Most of these treatments aim to attack the abnormal cancerous cells, but it is not always easy to target only these cells, meaning that many healthy cells might be damaged in the process. Therefore, Phase 1 cancer trials cannot be carried out in healthy participants, as being exposed to the treatment would endanger their health. In these cases, the participants of the Phase 1 trial would have to be cancer patients, for whom the potential benefits (effective treatment) outweigh the risk. It also means that these patients can receive potentially life-saving treatment earlier on. This is crucial for patients who have no effective therapeutic alternatives available. Another added benefit to carrying out these trials in cancer patients is that we can also see if the treatment affects the cancer, which may allow researchers to move quickly to later phases if promising results are observed.
Research to improve current cancer treatments
Clinical trials on cancer are not always focused on a last resort treatment for terminal patients. Research studies on cancer are also essential to improve current treatments and identify those that work best. For example, in some cases of pancreatic cancer, open surgery to remove part of the pancreas is an accepted and frequently used treatment option, but it has its downside. A clinical trial in 2021 showed that the same procedure done by minimally invasive surgery (laparoscopy) not only reduced the risk of blood loss, and resulted in shorter hospital stays and a faster recovery, it even had better oncological outcomes than open surgery, including overall survival and disease-free survival in early-stage pancreatic cancer.

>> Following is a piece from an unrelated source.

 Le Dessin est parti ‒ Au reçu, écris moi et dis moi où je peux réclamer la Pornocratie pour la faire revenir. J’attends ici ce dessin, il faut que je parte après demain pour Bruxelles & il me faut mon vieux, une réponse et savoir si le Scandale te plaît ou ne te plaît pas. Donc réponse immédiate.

Clinical trials for degenerative diseases
Alzheimer’s research
Alzheimer’s disease (AD) is a neurodegenerative disease that affects the brain and causes a progressive loss of memory and cognitive abilities. It affects over 6 million people in the United States and is the most common cause of dementia in older adults.

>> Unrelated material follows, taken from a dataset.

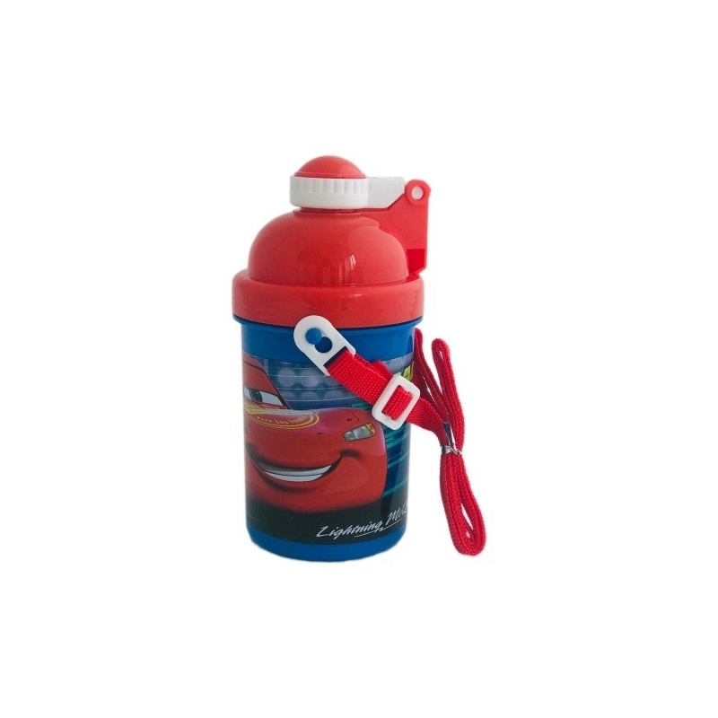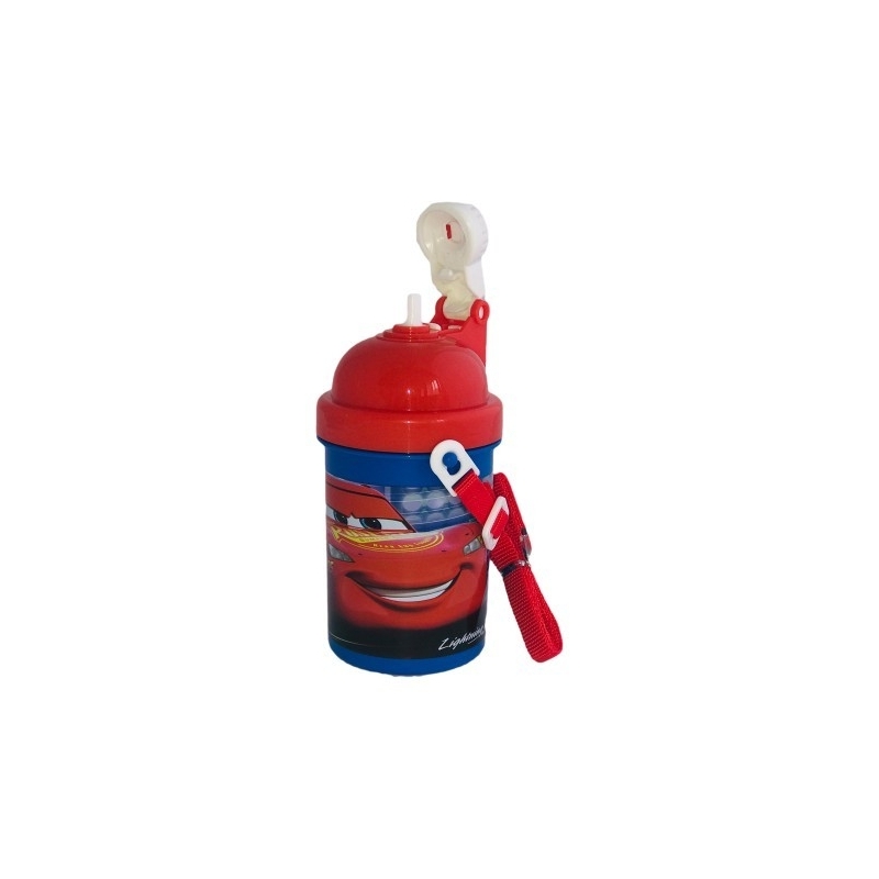 Termos plasticu capac si pai ce se actioneaza prin apasarea unui buton, cu siret reglabil si detasabil.

It is characterized by the presence of certain protein deposits in the brain that appear a decade or more before the onset of symptoms, which include personality and behavioral changes, language and reasoning difficulties, and even hallucinations, delusions and paranoia.
There is no cure for Alzheimer’s disease, and current treatment options focus on alleviating symptoms and improving the patient’s quality of life. Some medications and therapies can help slow the progression of the disease and manage its effects, but with what is available now, progression of the disease and the disability associated with it is inevitable, making clinical trials a last resort for patients.
The speed at which AD will progress is variable among patients, and it is very difficult to predict. Recently, a study was published in JAMA Neurology where measuring levels of a biomarker called P-tau217 in blood showed to be useful in identifying people with early stages of the disease, who do not yet show symptoms, but are at risk of developing cognitive impairment.
Although the interest in this disease has increased in the last years, further research needs to be done to identify possible therapeutic targets, and to develop effective treatments or preventative medications.
Parkinson’s research
Parkinson’s disease is a chronic neurological disorder that affects over 8.5 million people, and its prevalence has doubled over the last 25 years. This disease is characterized by the progressive degeneration of nerve cells of the central nervous system, affecting the coordination of movement and muscle control.
The main symptoms of Parkinson include tremors, muscle rigidity, slowness of movement and difficulty in maintaining balance. As the disease progresses, patients may also experience other symptoms such as speech problems, sleep disorders, depression, and cognitive difficulties.
Parkinson is a chronic and progressive disease, which means that symptoms worsen over time. Although there is no cure, treatments and medications can help reduce symptoms. It is important to note that Parkinson’s affects each person differently, so the treatment and approach is usually personalized to fit each patient’s specific needs.